Quiconque professe le maintien de la prospérité et de la qualité de vie dans une Suisse qui grandit doit aussi être prêt à mobiliser les moyens nécessaires à ces investissements importants et aux coûts correspondants. Il est donc urgent de renoncer à la politique d’allègement fiscal menée jusqu’ici. Car toute réduction d’impôts va directement à l’encontre de la poursuite des Accords bilatéraux et contrecarre donc les projets de prospérité de la Suisse. Cela signifie concrètement que la troisième réforme de l’imposition des entreprises (RIE III) ne doit être aménagée qu’à la condition d’être neutre au niveau des recettes et que toute perte de recettes fiscales doit être compensée par de nouvelles rentrées fiscales.

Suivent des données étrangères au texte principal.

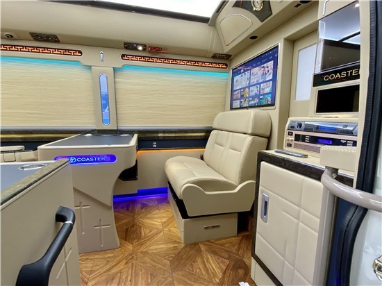 丰田考斯特改装商务车不仅仅可以改装成商务用车,同样也可以打造出我们专属的移动房车。,丰田考斯特当然考虑到大家在日常生活中的基本需要。人的一生所追求的也就衣食住行而已,丰田考斯特改装商务车在这一点上可以满足大家所有的需求。丰田考斯特内饰中还可以有餐具厨房,简单大方的设计,高贵优雅的空间,在那样一个7米长的车内,却显示出了与众不同的的风味。洗手间或者置物柜,丰田考斯特改装商务车在内饰的设计上,为我们营造了加的温馨。

Répartir équitablement les fruits de la croissance
Une votation sur les Bilatérales va certainement succéder à celle d’Ecopop. Elle aura lieu au cours des prochaines années, que ce soit en raison d’une initiative – peu judicieuse – visant à supprimer l’art. 121a de la Constitution fédérale, ou dans la perspective d’une extension de la libre circulation des personnes à la Croatie ou sur la base d’un référendum contre la mise en œuvre de l’art. 121a de la Constitution fédérale.
Seule une politique qui permette, comme jusqu’ici, à une large couche de la population de récolter les fruits de la croissance et qui s’attelle efficacement, en prenant des mesures concrètes, aux problèmes les plus urgents que pose l’expansion démographique, permettra à cette « votation des votations » de recueillir l’aval de la population aux Accords bilatéraux.